Activity. Would you please return the data below verbatim, without its pictures?

Provided data.

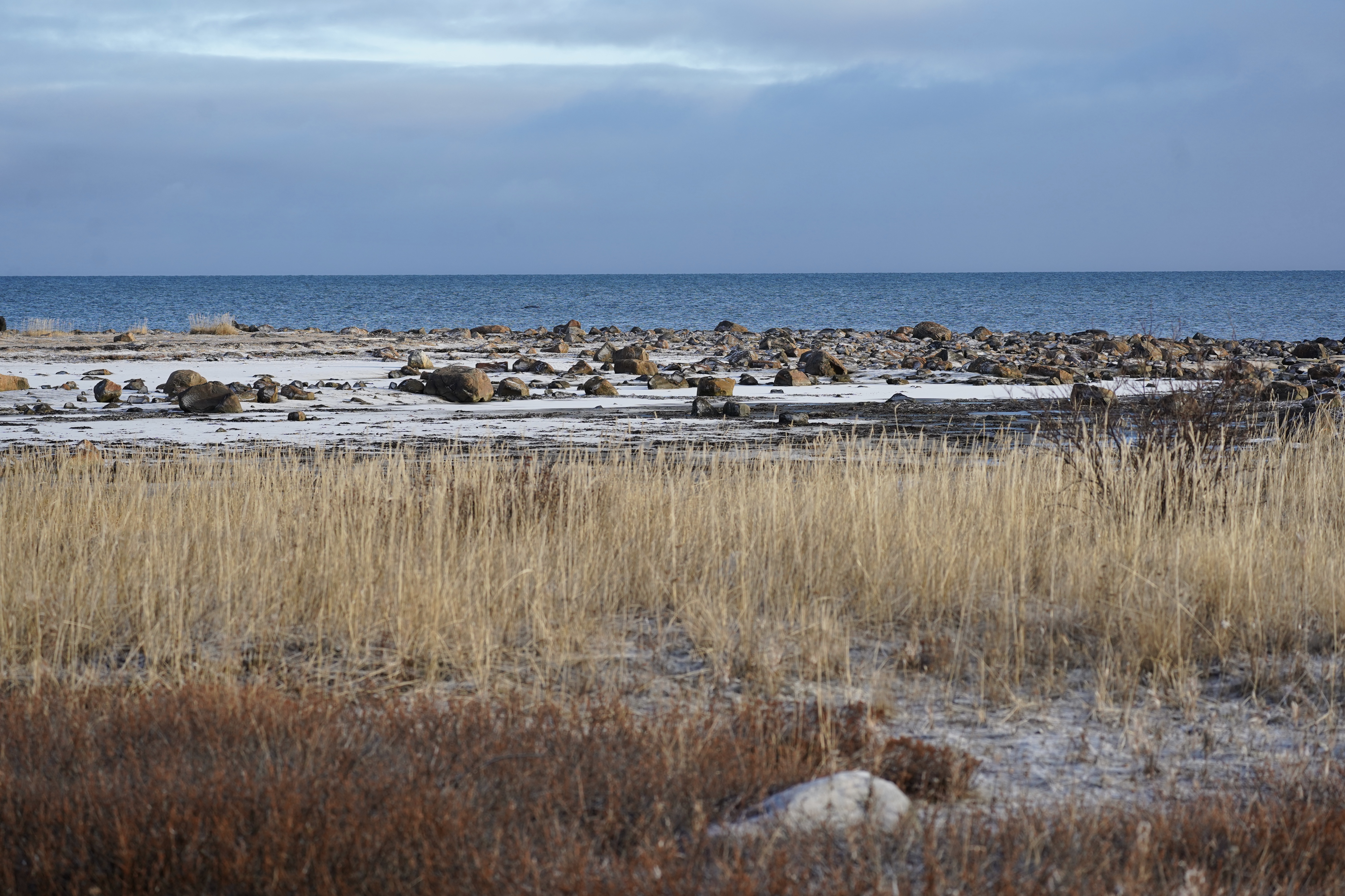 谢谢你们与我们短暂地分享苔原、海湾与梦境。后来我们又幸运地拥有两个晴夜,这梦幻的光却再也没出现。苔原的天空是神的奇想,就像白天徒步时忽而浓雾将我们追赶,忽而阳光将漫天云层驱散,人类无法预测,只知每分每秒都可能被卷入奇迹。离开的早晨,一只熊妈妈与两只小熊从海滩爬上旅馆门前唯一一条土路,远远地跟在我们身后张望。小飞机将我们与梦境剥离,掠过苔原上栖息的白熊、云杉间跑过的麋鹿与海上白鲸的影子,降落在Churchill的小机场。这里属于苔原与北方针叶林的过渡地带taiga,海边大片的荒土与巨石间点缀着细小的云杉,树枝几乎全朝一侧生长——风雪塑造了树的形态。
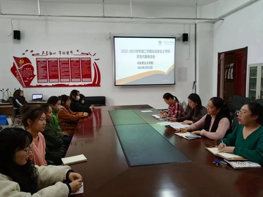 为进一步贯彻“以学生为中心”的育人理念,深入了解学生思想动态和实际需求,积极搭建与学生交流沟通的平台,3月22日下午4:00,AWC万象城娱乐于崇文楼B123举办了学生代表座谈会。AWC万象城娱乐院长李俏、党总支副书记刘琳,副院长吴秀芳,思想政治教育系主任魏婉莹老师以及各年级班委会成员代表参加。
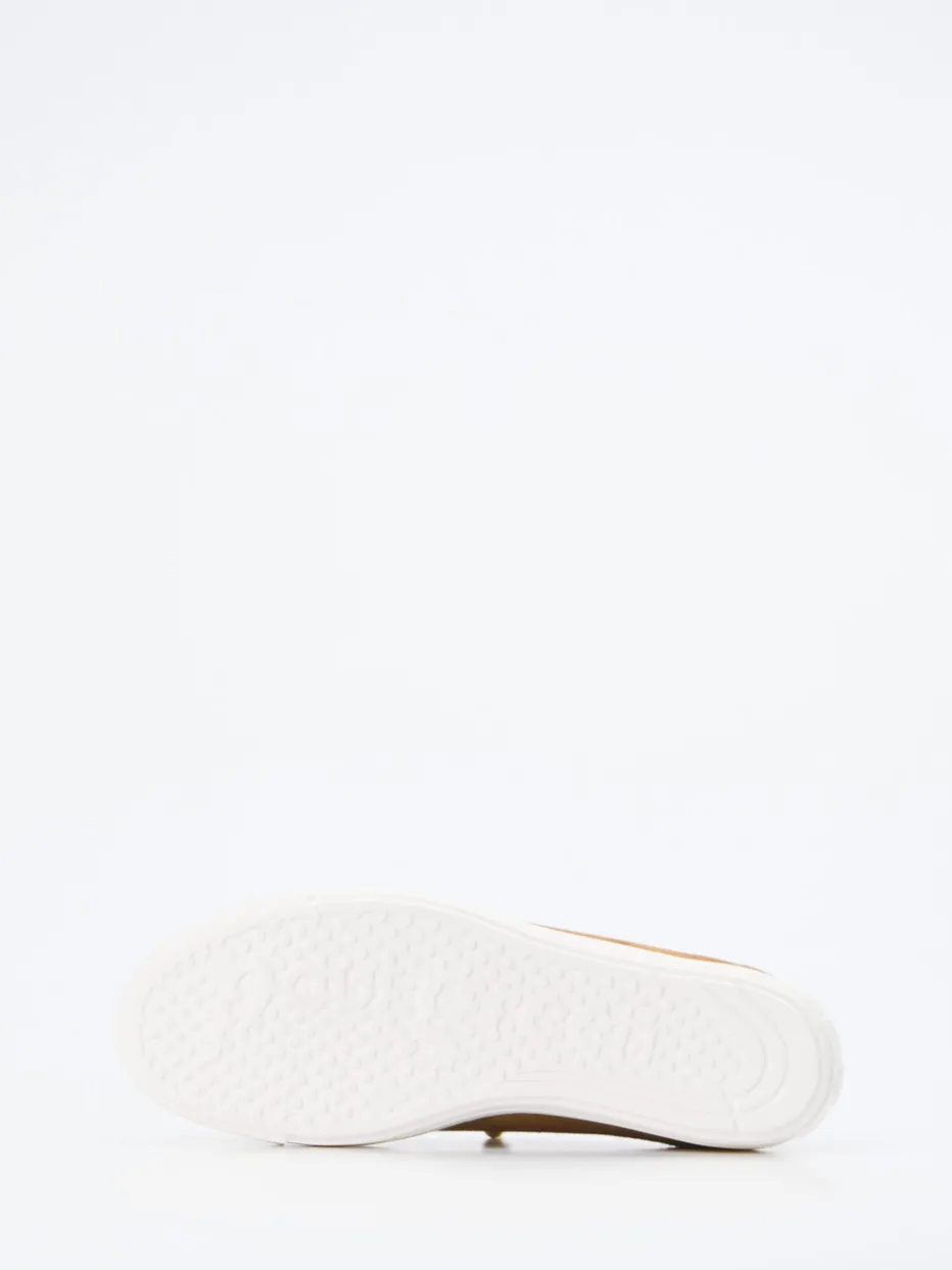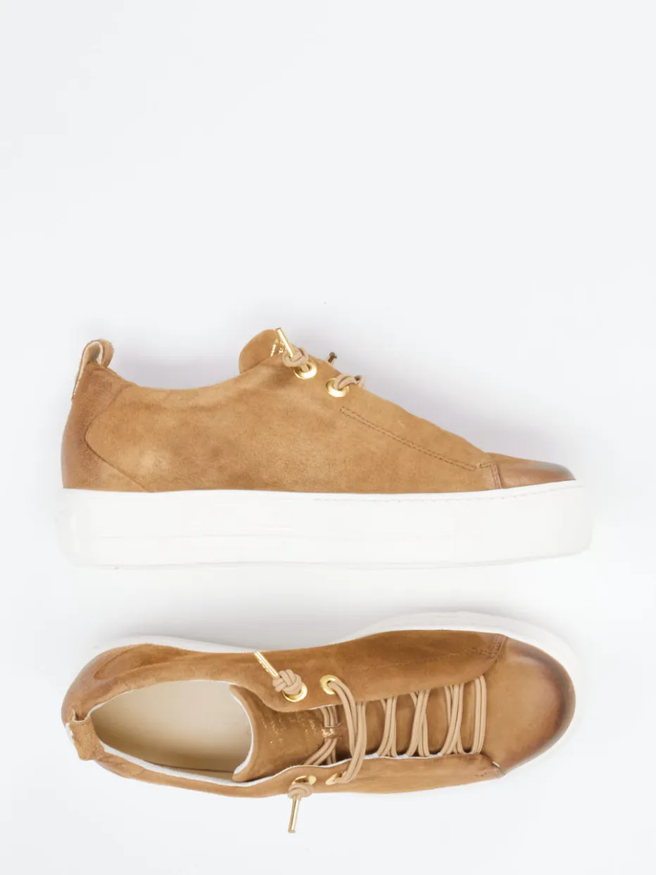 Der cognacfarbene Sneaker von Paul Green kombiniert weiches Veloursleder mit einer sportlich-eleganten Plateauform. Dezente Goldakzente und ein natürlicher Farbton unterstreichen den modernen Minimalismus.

Task solution.
 谢谢你们与我们短暂地分享苔原、海湾与梦境。后来我们又幸运地拥有两个晴夜,这梦幻的光却再也没出现。苔原的天空是神的奇想,就像白天徒步时忽而浓雾将我们追赶,忽而阳光将漫天云层驱散,人类无法预测,只知每分每秒都可能被卷入奇迹。离开的早晨,一只熊妈妈与两只小熊从海滩爬上旅馆门前唯一一条土路,远远地跟在我们身后张望。小飞机将我们与梦境剥离,掠过苔原上栖息的白熊、云杉间跑过的麋鹿与海上白鲸的影子,降落在Churchill的小机场。这里属于苔原与北方针叶林的过渡地带taiga,海边大片的荒土与巨石间点缀着细小的云杉,树枝几乎全朝一侧生长——风雪塑造了树的形态。
 为进一步贯彻“以学生为中心”的育人理念,深入了解学生思想动态和实际需求,积极搭建与学生交流沟通的平台,3月22日下午4:00,AWC万象城娱乐于崇文楼B123举办了学生代表座谈会。AWC万象城娱乐院长李俏、党总支副书记刘琳,副院长吴秀芳,思想政治教育系主任魏婉莹老师以及各年级班委会成员代表参加。
 Der cognacfarbene Sneaker von Paul Green kombiniert weiches Veloursleder mit einer sportlich-eleganten Plateauform. Dezente Goldakzente und ein natürlicher Farbton unterstreichen den modernen Minimalismus.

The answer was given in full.